> _Try it_
From the first line of the listing below through the line with "Κατασκευή 2 εξωτερικών", transcribe exactly and skip the pictures.

> _Supplied data_
Segment Open

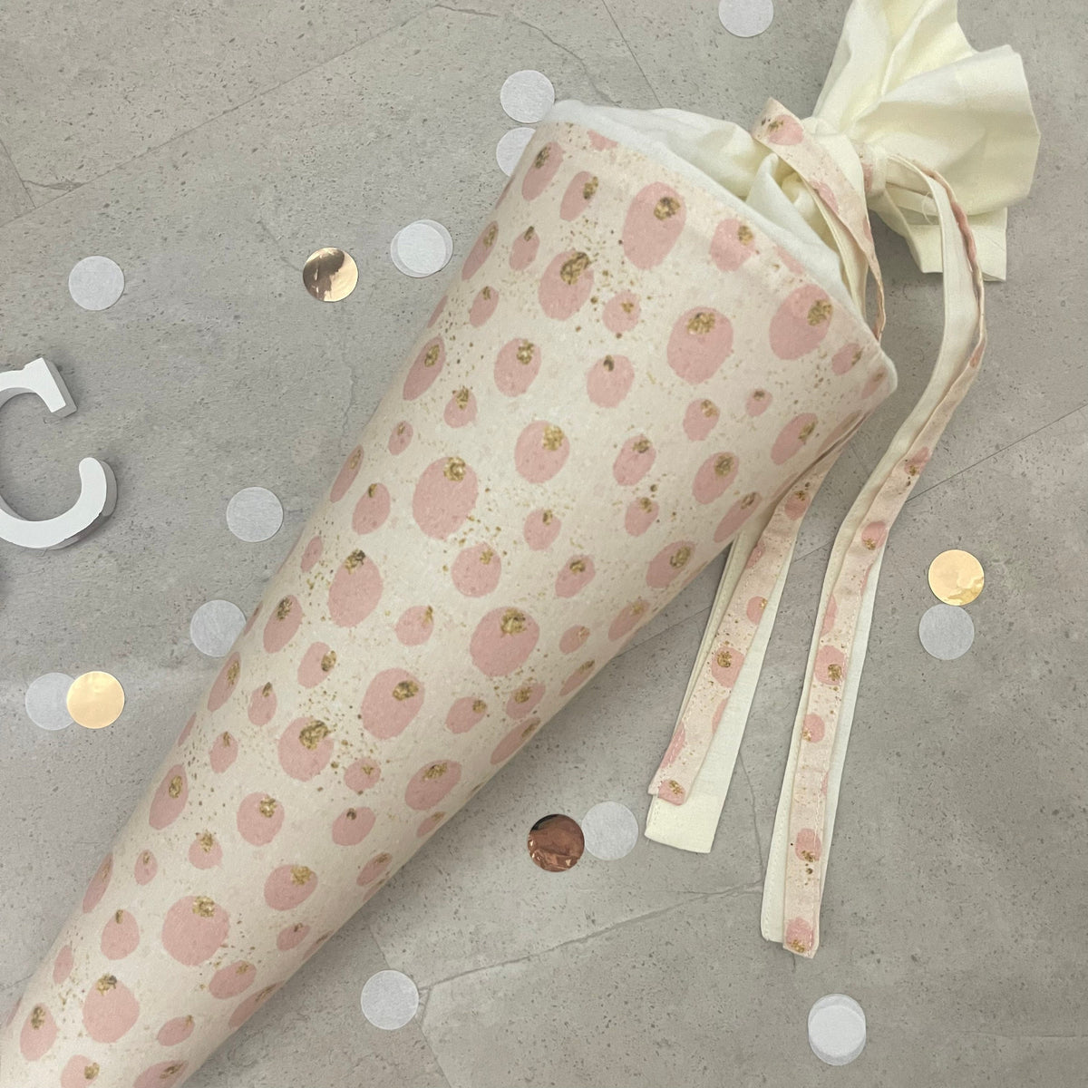 Schultüte Zuckertüte Einschulung Groß 70cm Handmade / Punkte mit Goldakzenten - Nur Schultüte
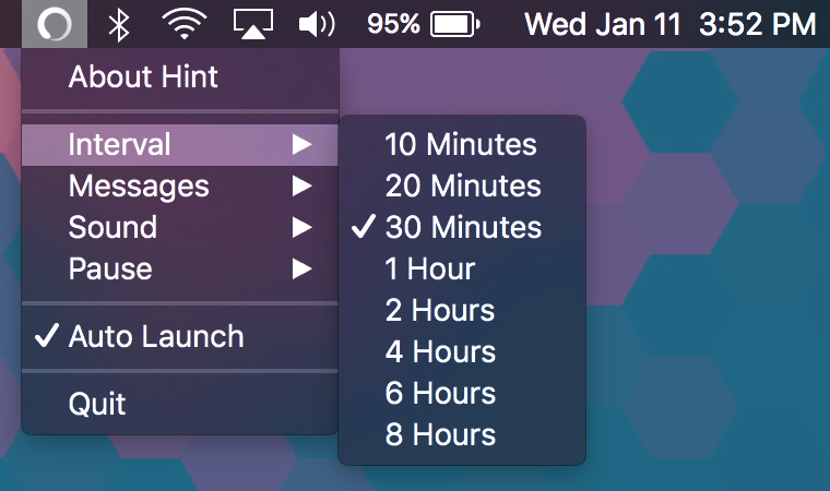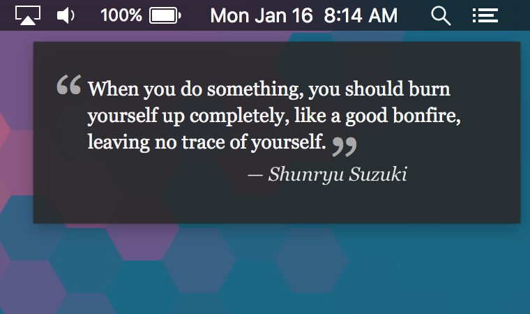 Hint is a simple mindfulness reminder for macOS, built for people who spend a lot of time on their computer. Hint periodically delivers mindfulness-quotes to your desktop, reminding you to re-center yourself in the present moment.
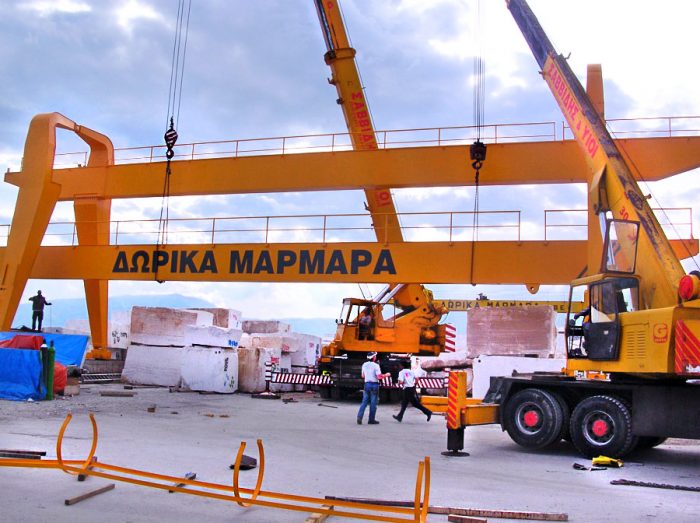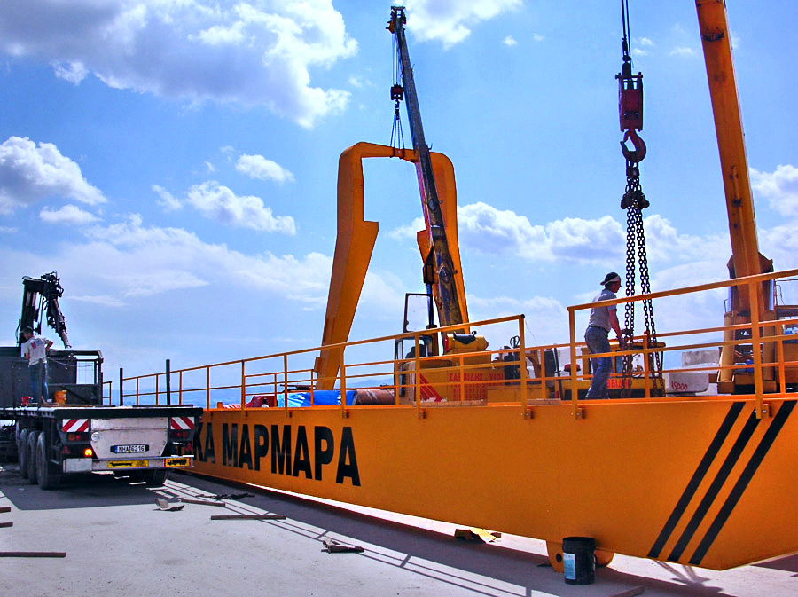 Κατασκευή 2 εξωτερικών γερανογεφυρών (πυλώνα) ανυψωτικής ικανότητας 32tn με άνοιγμα ποδαρικών 20m και 5m πρόβολο εκατέρωθεν. Ο εξοπλισμός είναι της Demag.
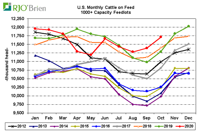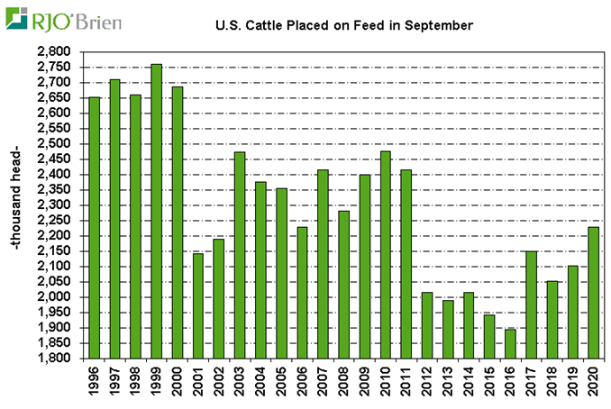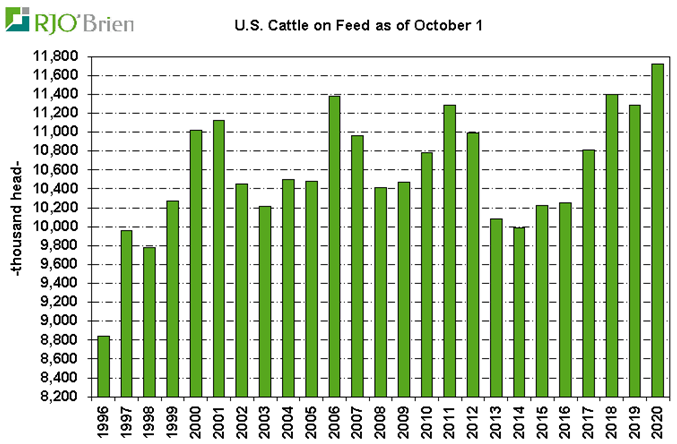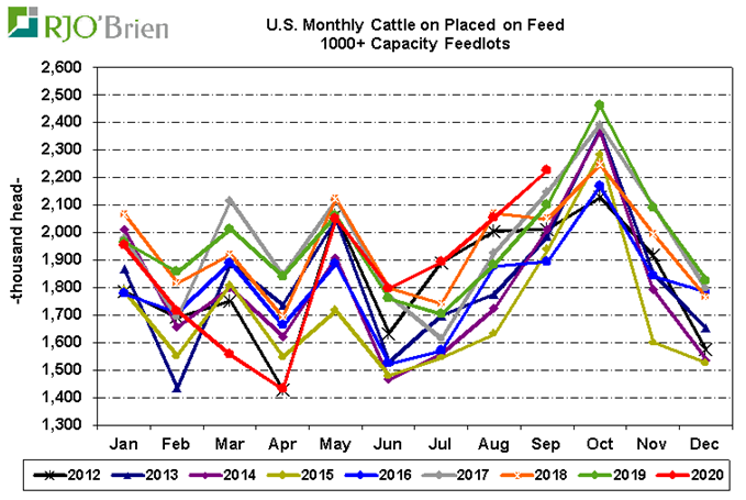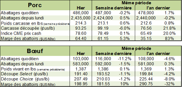 Après une semaine difficile, le prix du bœuf se stabilise malgré un rapport Cattle-on-Feed plutôt négatif pour les prix. Vendredi, l’USDA a publié un troupeau en parc de 11.717 millions têtes ce qui était dans le haut de la fourchette des estimés. C’est pratiquement le plus gros troupeau au 1er octobre depuis plus de 20 ans. La surprise était principalement au niveau des placements lesquels demeurent très élevés malgré les placements volumineux durant l’été. Près de 2.23 millions de veaux ont été placés en septembre ce qui est 5.9% de plus que l’an dernier. La commercialisation se chiffrait à 1.85 millions bœufs gras en septembre, représentant une hausse de 6.2% versus l’an dernier.

Segment Closed

> _Result for this task_
 Schultüte Zuckertüte Einschulung Groß 70cm Handmade / Punkte mit Goldakzenten - Nur Schultüte
 Hint is a simple mindfulness reminder for macOS, built for people who spend a lot of time on their computer. Hint periodically delivers mindfulness-quotes to your desktop, reminding you to re-center yourself in the present moment.
 Κατασκευή 2 εξωτερικών γερανογεφυρών (πυλώνα) ανυψωτικής ικανότητας 32tn με άνοιγμα ποδαρικών 20m και 5m πρόβολο εκατέρωθεν. Ο εξοπλισμός είναι της Demag.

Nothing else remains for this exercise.